[Dataset records]:
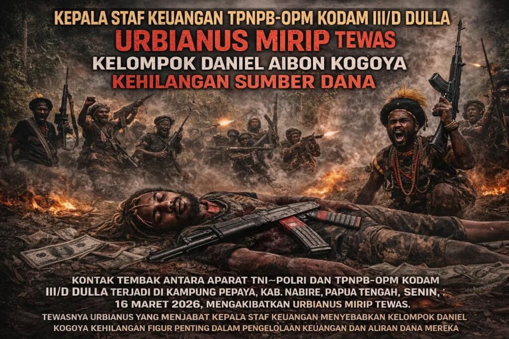 pojokindo.com Nabire, Papua Tengah — Kontak tembak antara aparat TNI–Polri dan kelompok TPNPB-OPM Kodam III/D Dulla terjadi di Kampung Pepaya pada Senin, 16 Maret 2026. Dalam peristiwa tersebut, Urbianus Mirip, yang menjabat sebagai Kepala Staf Keuangan TPNPB-OPM Kodam III/D Dulla, dilaporkan tewas. Pimpinan kelompok, Daniel Aibon Kogoya, mengonfirmasi kematian tersebut.
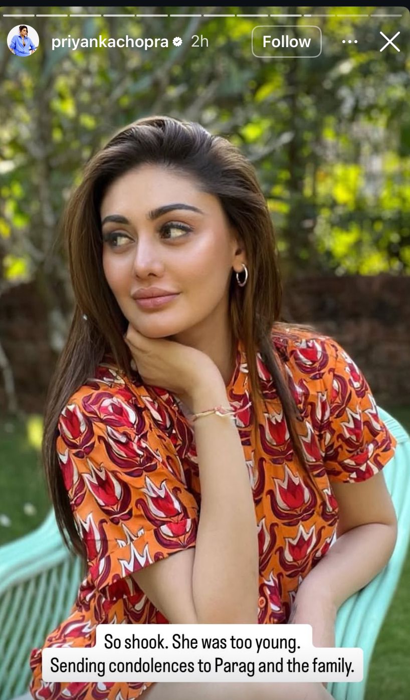 27 जून की देर रात कार्डियक अरेस्ट की वजह से शेफाली जरीवाला का निधन हो गया। वह सिर्फ 42 साल की थीं और ऐसे में उनकी अचानक मौत ने हर किसी को शॉक कर दिया है। इस मामले को लेकर प्रियंका चोपड़ा ने भी अपना रिएक्शन दिया है और ऑफिशियल इंस्टाग्राम हैंडल पर स्टोरी में कांटा लगा गर्ल की एक तस्वीर शेयर करते हुए लिखा है-
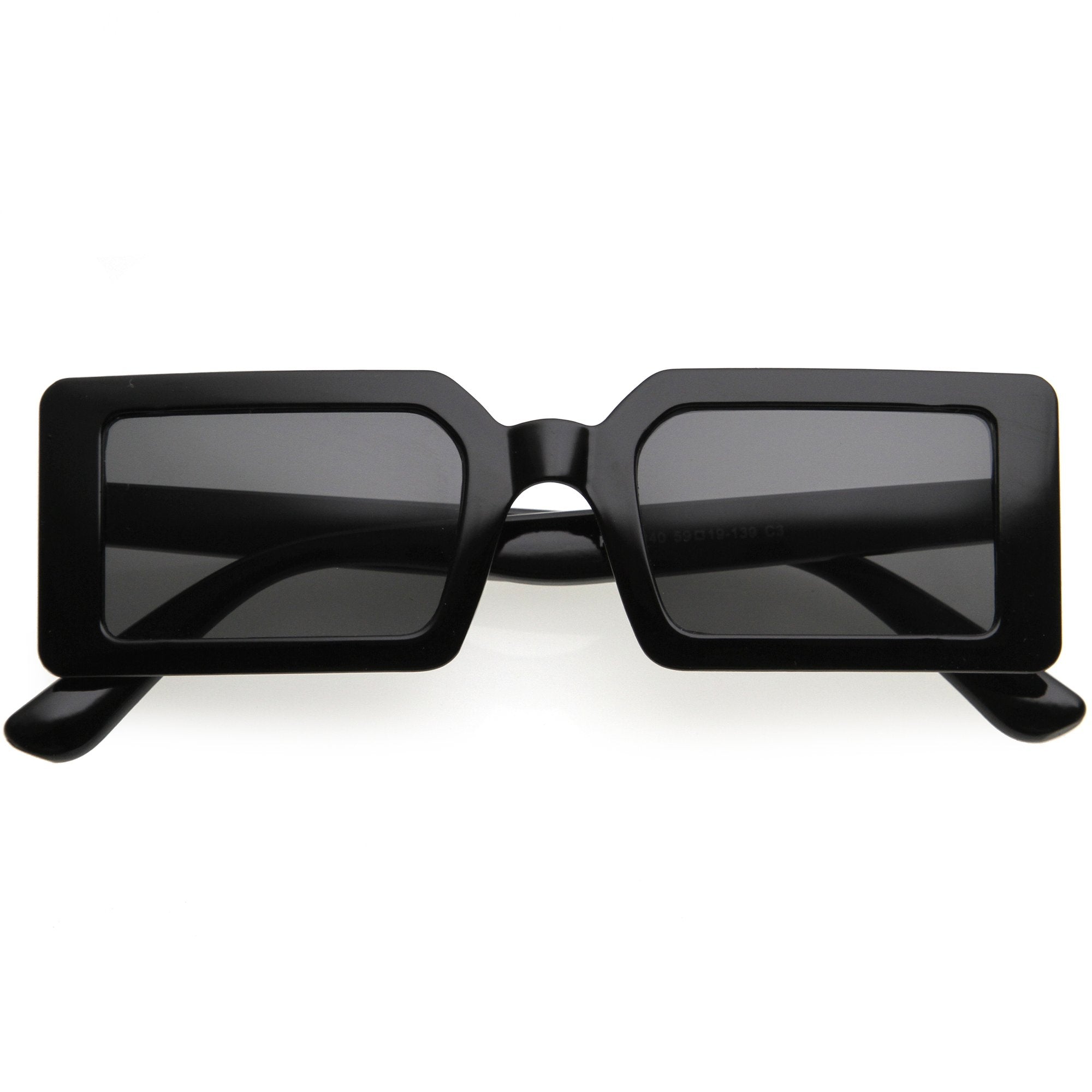 Retro Medium Square Flat Lens Thick Rimmed Rectangle Sunglasses D213
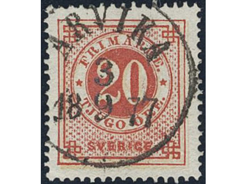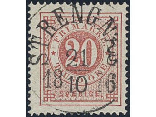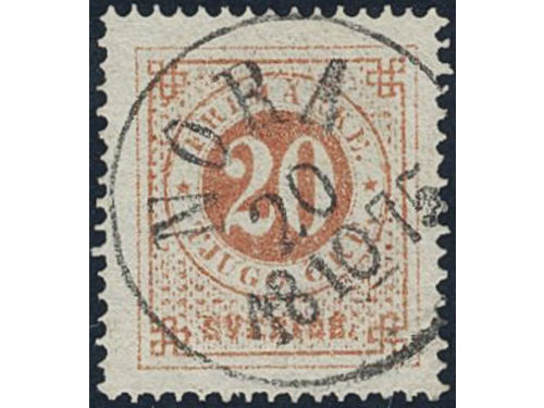Sweden. Facit 22e used, 20 öre brownish red. Very beautiful example cancelled NORA 20.10.1875. Sweden. Facit 22e used, 20 öre brownish red. Very beautiful example cancelled NORA 20.10.1875. Visa mindre
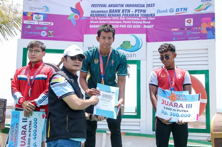 Selanjutnya Bupati yang akrab disapa Pak Yes ini juga berkesempatan untuk memberikan apresiasi berupa pengalungan medali kepada pemenang kategori 5 Km, yang kebetulan merupakan perwakilan Jawa Timur Izzy Dwifaiva Heriyanthi. Performa renang Izzy berhasil menggapai finish pertama dengan catatan 1 jam 21 menit 17,6 detik.
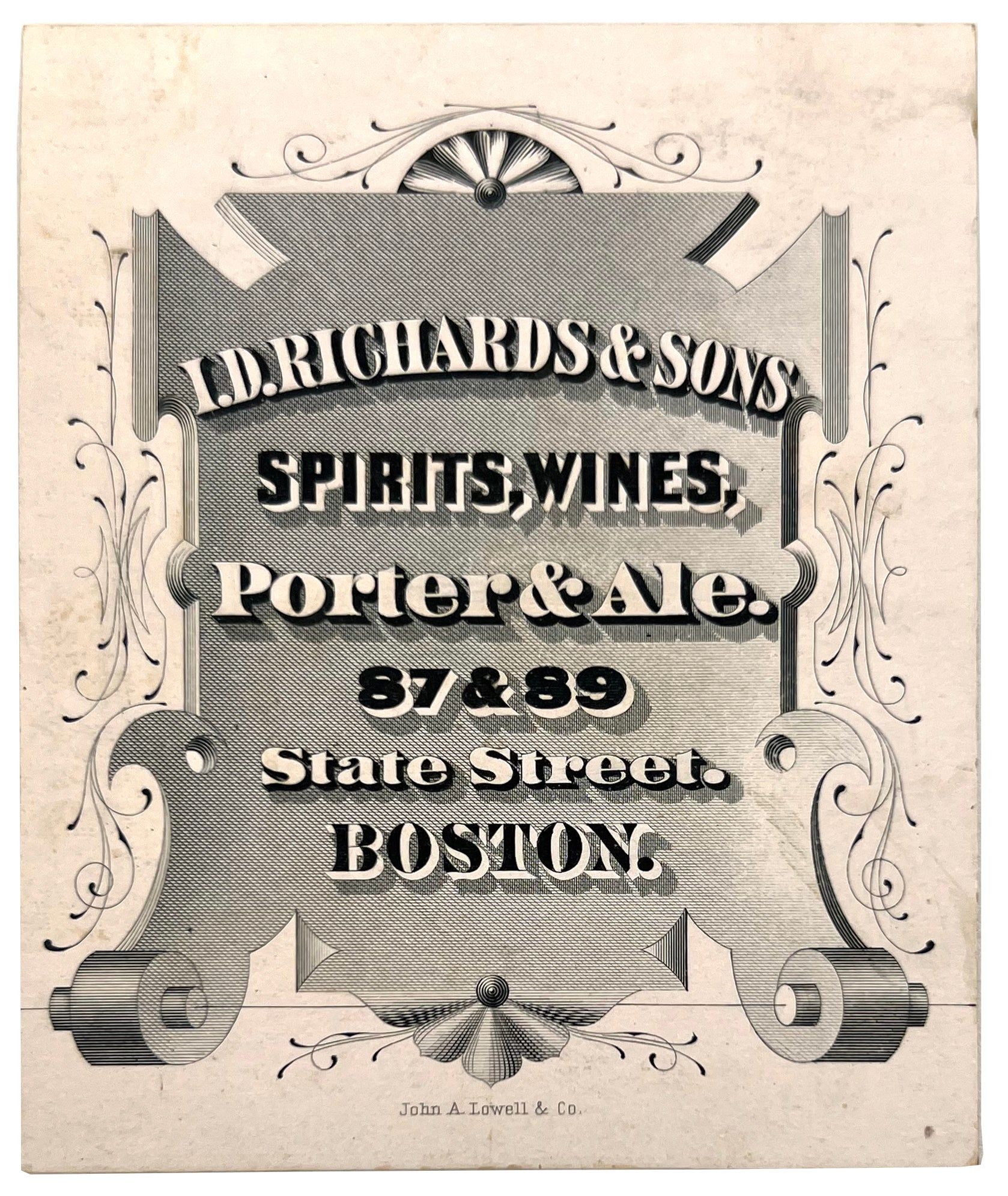 Boston, Massachusetts: John A. Lowell & Co, 1890. Good. Toned with dust soiling, remnants of scrapbook adhesive to verso.. Lithographed advertising card for I.D. Richards & Sons Spirits, Wines, Porter & Ale, of 87 and 89 State Street in Boston. Attractively designed to resemble a steel engraving. Measures approx. 3.25". by 2.5", verso blank.

[Work instructions]:
Could you please write out exactly the lines from the start of the entries above through the line that holds "Retro Medium Square", both included, with no pictures?

[Task solution]:
 pojokindo.com Nabire, Papua Tengah — Kontak tembak antara aparat TNI–Polri dan kelompok TPNPB-OPM Kodam III/D Dulla terjadi di Kampung Pepaya pada Senin, 16 Maret 2026. Dalam peristiwa tersebut, Urbianus Mirip, yang menjabat sebagai Kepala Staf Keuangan TPNPB-OPM Kodam III/D Dulla, dilaporkan tewas. Pimpinan kelompok, Daniel Aibon Kogoya, mengonfirmasi kematian tersebut.
 27 जून की देर रात कार्डियक अरेस्ट की वजह से शेफाली जरीवाला का निधन हो गया। वह सिर्फ 42 साल की थीं और ऐसे में उनकी अचानक मौत ने हर किसी को शॉक कर दिया है। इस मामले को लेकर प्रियंका चोपड़ा ने भी अपना रिएक्शन दिया है और ऑफिशियल इंस्टाग्राम हैंडल पर स्टोरी में कांटा लगा गर्ल की एक तस्वीर शेयर करते हुए लिखा है-
 Retro Medium Square Flat Lens Thick Rimmed Rectangle Sunglasses D213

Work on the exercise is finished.